CA → the obligation was not extinguished by virtue of the Deed of Assignment.
The Court of Appeals held that (1) petitioner failed to comply with his warranty under the Deed;
(2) the object of the Deed did not exist at the time of the transaction, rendering it void pursuant
to Article 1409 of the Civil Code; and (3) petitioner violated the terms of the Deed of Assignment
when he failed to execute and do all acts and deeds as shall be necessary to effectually enable the
KJS to recover the collectibles.

ISSUE

Whether Sonny’s assignment of his credit on Jomero to KJS constituted a valid dacion en pago so as to
entirely extinguish his obligations on the latter. (NO)

RULING

An assignment of credit is an agreement by virtue of which the owner of a credit, known as the
assignor, by a legal cause, such as sale, dacion en pago, exchange or donation, and without the consent
of the debtor, transfers his credit and accessory rights to another, known as the assignee, who acquires
the power to enforce it to the same extent as the assignor could enforce it against the debtor. Corollary
thereto, in dacion en pago, as a special mode of payment, the debtor offers another thing to the
creditor who accepts it as equivalent of payment of an outstanding debt.

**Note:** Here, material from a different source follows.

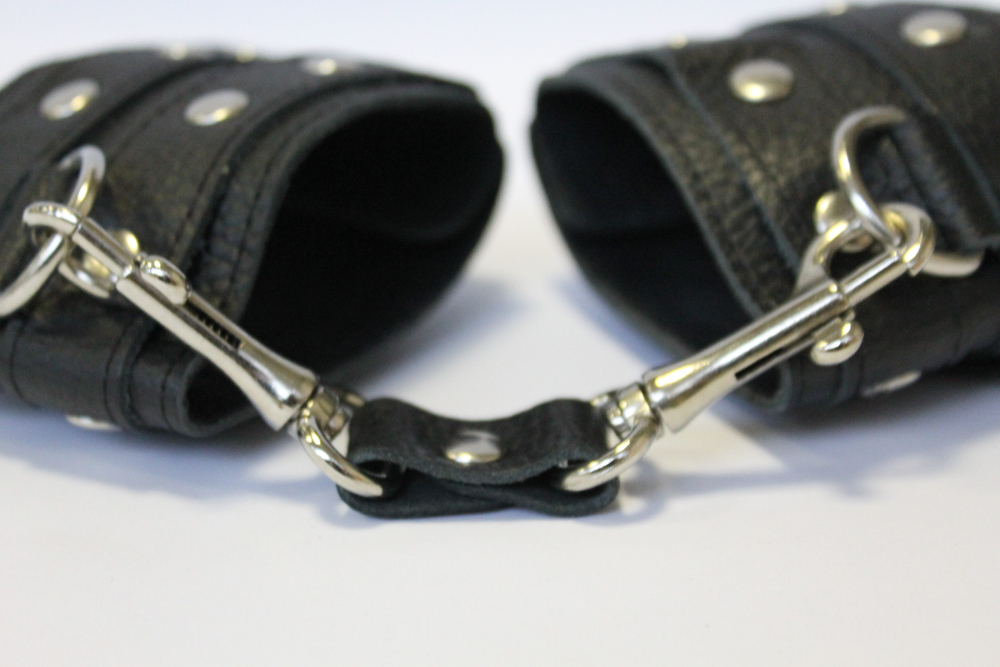 Наручники универсального размера, выполненные из натуральной кожи, с металлическими деталями и фиксацией при помощи липучек.

• REQUISITES OF A VALID DACION EN PAGO:


(4) There must be the performance of the prestation in lieu of payment (animo solvendi) which
may consist in the delivery of a corporeal thing or a real right or a credit against the third
person;
(5) There must be some difference between the prestation due and that which is given in
substitution (aliud pro alio);
(6) There must be an agreement between the creditor and debtor that the obligation is
immediately extinguished by reason of the performance of a prestation different from that
due

The undertaking really partakes in one sense of the nature of sale, that is, the creditor is really
buying the thing or property of the debtor, payment for which is to be charged against the debtor’s debt.
As such, the vendor in good faith shall be responsible, for the existence and legality of the credit at the
time of the sale but not for the solvency of the debtor, in specified circumstances. However, as in any
other contract of sale, the vendor or assignor is bound by certain warranties. More specifically, the first
paragraph of Article 1628 of the Civil Code provides:

The vendor in good faith shall be responsible for the existence: and
legality of the credit at the time of the sale, unless it should have been sold as
doubtful; but not for the solvency of the debtor, unless it has been so expressly
stipulated or unless the insolvency was prior to the sale and of common
knowledge.

From the above provision, Petitioner, as vendor or assignor, is bound to warrant the existence and
legality of the credit at the time of the sale or assignment. When Jomero claimed that it was no longer
indebted to petitioner since the latter also had an unpaid obligation to it, it essentially meant that its
obligation to petitioner has been extinguished by compensation. In other words, respondent alleged the
non-existence of the credit and asserted its claim to petitioner’s warranty under the assignment.
Therefore, it behooved on petitioner to make good its warranty and paid the obligation.

In addition to this, pursuant to the Deed of Assignment, Sonny warranted the existence of Jomero’s
debt (such that KJS may validly claim therefrom). By doing so, petitioner should be deemed to have
ensured the performance thereof in case the same is later found to be inexistent. He should be held liable
to pay to respondent the amount of his indebtedness.